> Work instructions: Nothing but the lines from the one containing "Frentani, Frentrum. Circa" through the last line of the records below should be copied, exactly and without pictures.

──────── Records for the exercise

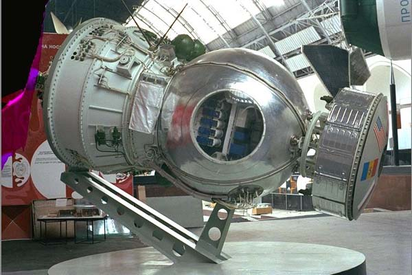 Soviet Cosmos unmanned satellite/spacecraft, on display. The description page lists the bion satellites from Bion 3 to Bion 9 (spanning 1975 to 1989). A similar photograph, which appears to be of the same subject but from a different source, has the caption: Cosmos 782 Spacecraft on display in the Moscow Space Museum. The circular viewport was installed for display purposes.
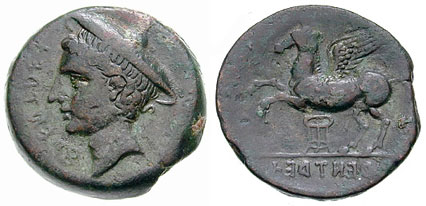 Frentani, Frentrum. Circa 250 BC. Æ 21mm (7.38 g). 8DENTDEY, head of Hermes left, wearing winged petasos 8DENTDEY, retrograde in exergue, Pegasos running left, tripod below. SNG ANS 129; BMC Italy pg. 69, 1; SNG Copenhagen 266; SNG Morcom 62; Laffaille 6. VF, glossy green and brown patina.
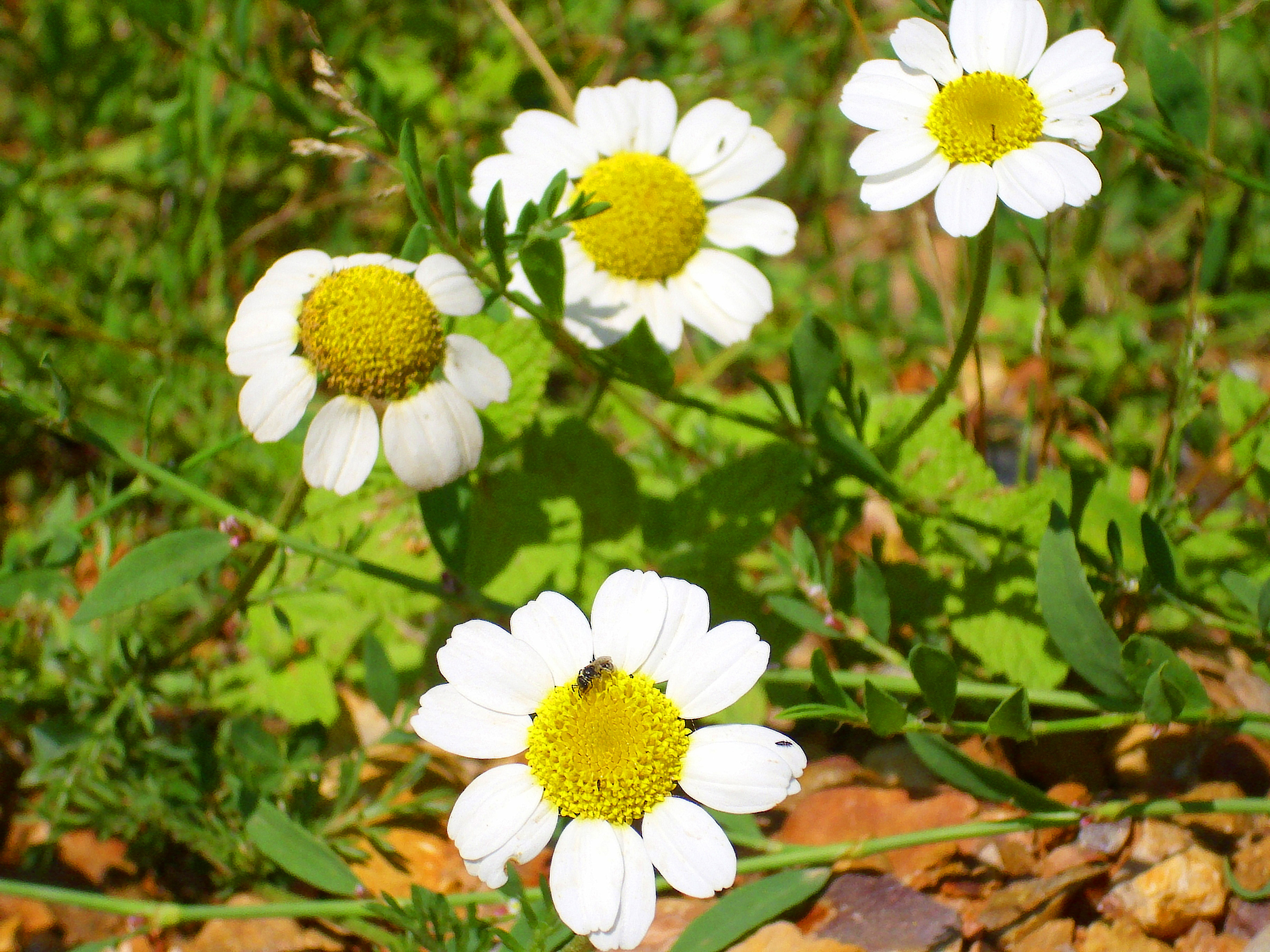 Anthemis cotula habit, Sierra Madrona, Spain
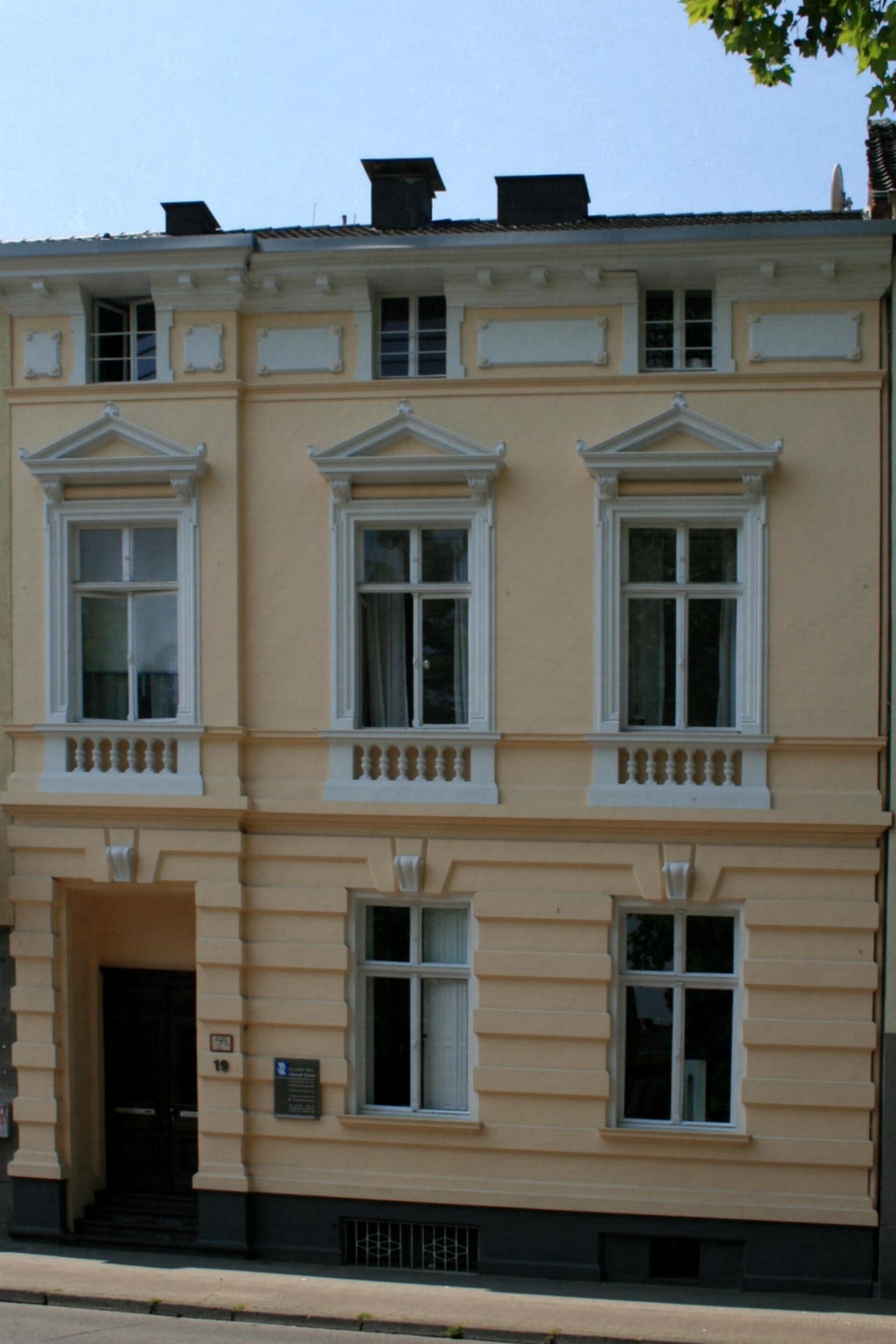 Cultural heritage monument No. B 079 in Mönchengladbach
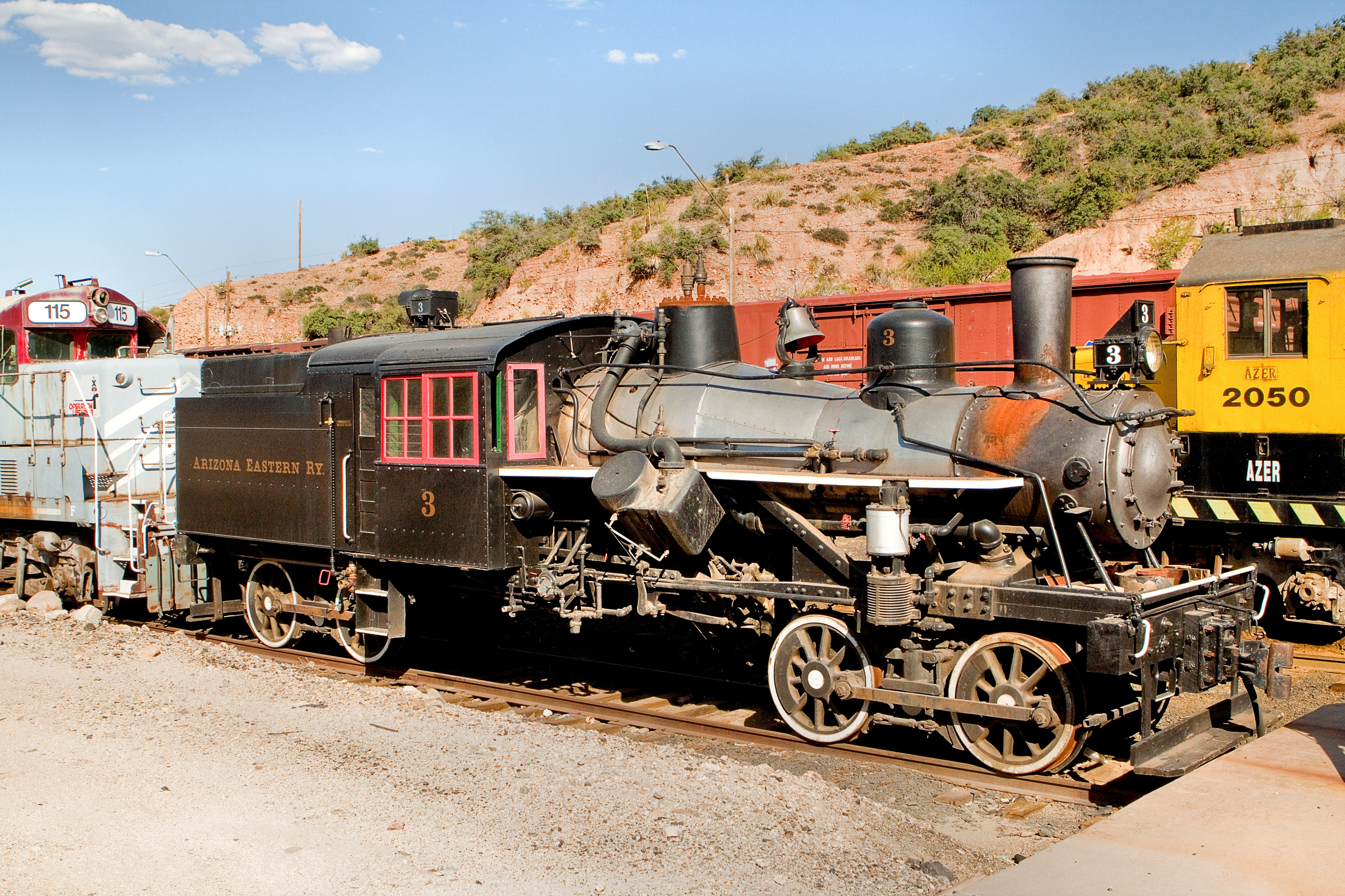 Arizona Eastern Heisler Steam Engine The Heisler was located in AZER's railyard in Miami, AZ.
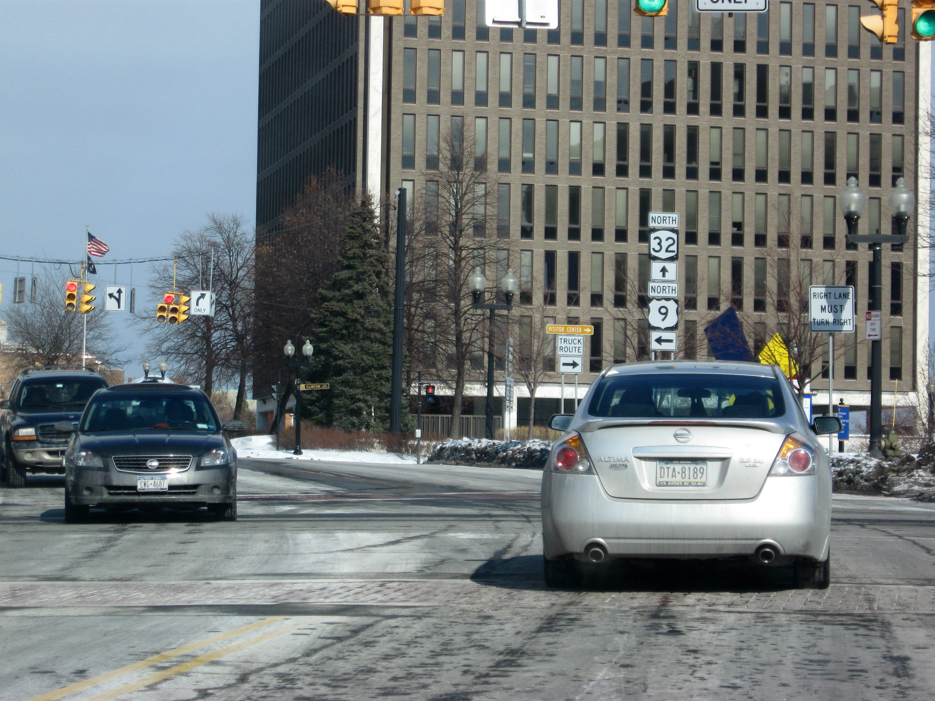 Northbound New York State Route 32 at an intersection with U.S. Route 9 in Albany, New York
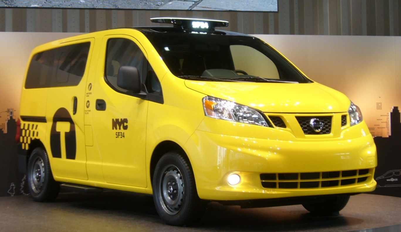 NISSAN NV200
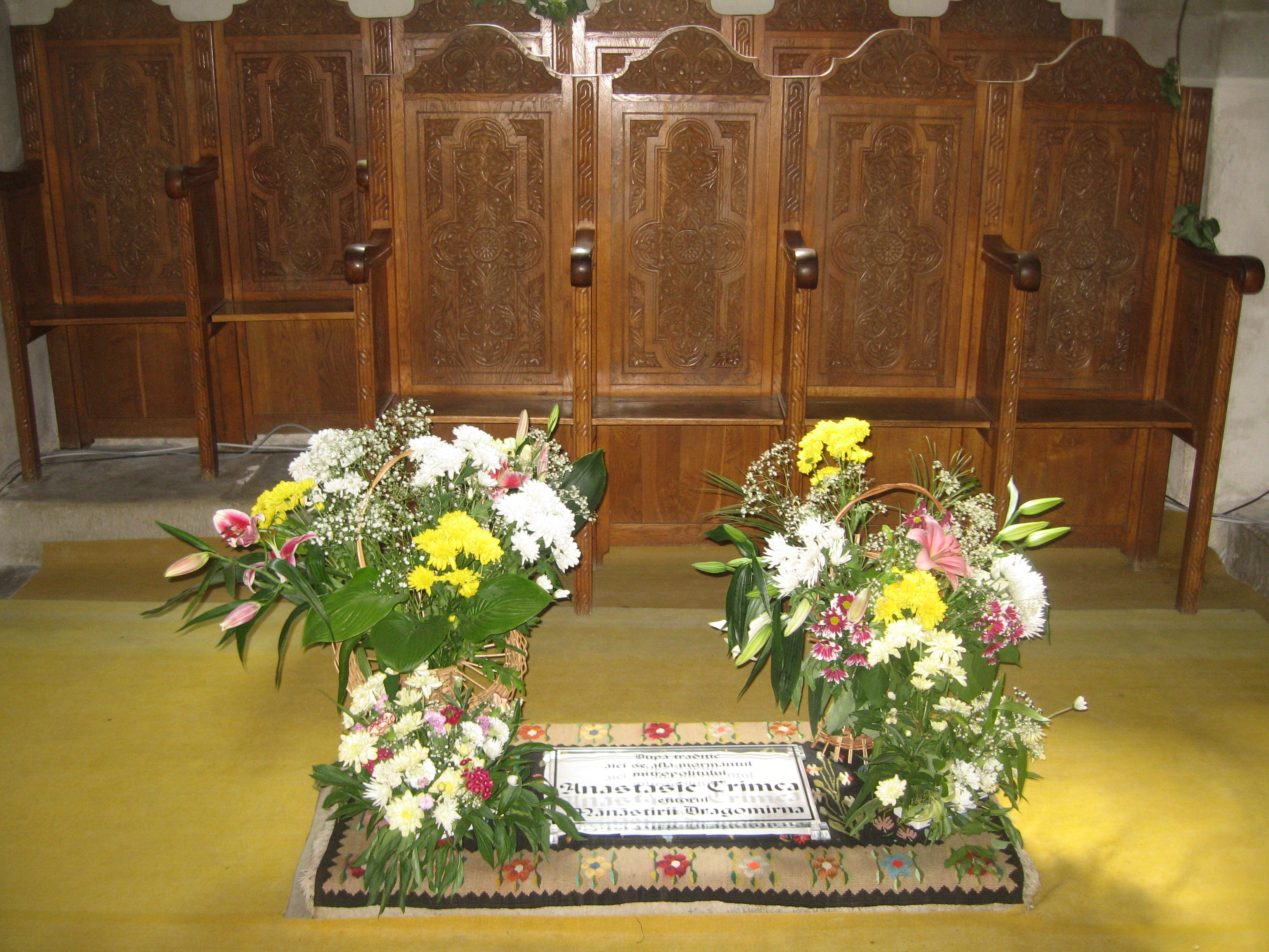 Dragomirna Monastery
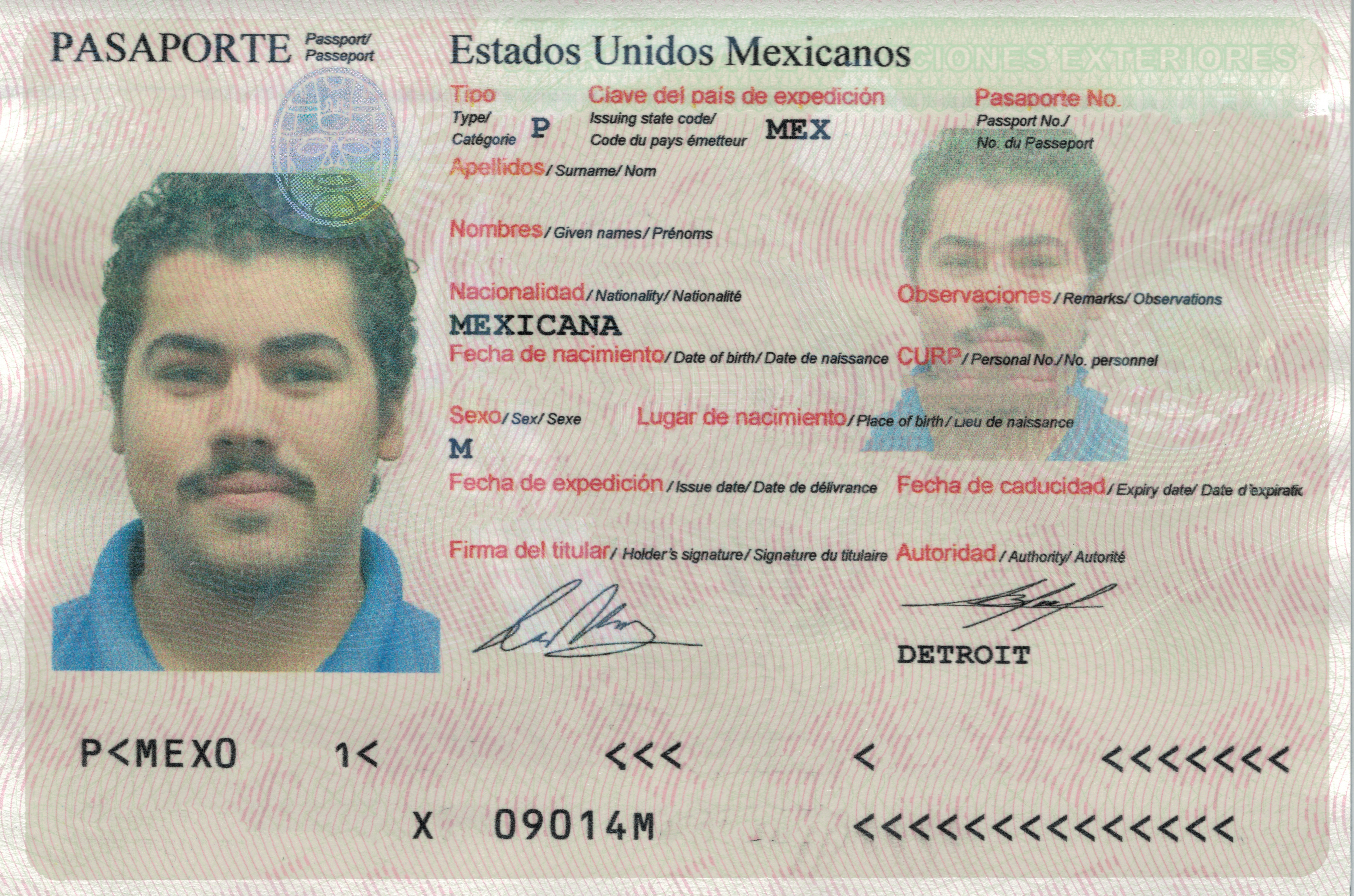 Identity information page on the Mexican passport

────────────────

> Solution for this exercise:
 Frentani, Frentrum. Circa 250 BC. Æ 21mm (7.38 g). 8DENTDEY, head of Hermes left, wearing winged petasos 8DENTDEY, retrograde in exergue, Pegasos running left, tripod below. SNG ANS 129; BMC Italy pg. 69, 1; SNG Copenhagen 266; SNG Morcom 62; Laffaille 6. VF, glossy green and brown patina.
 Anthemis cotula habit, Sierra Madrona, Spain
 Cultural heritage monument No. B 079 in Mönchengladbach
 Arizona Eastern Heisler Steam Engine The Heisler was located in AZER's railyard in Miami, AZ.
 Northbound New York State Route 32 at an intersection with U.S. Route 9 in Albany, New York
 NISSAN NV200
 Dragomirna Monastery
 Identity information page on the Mexican passport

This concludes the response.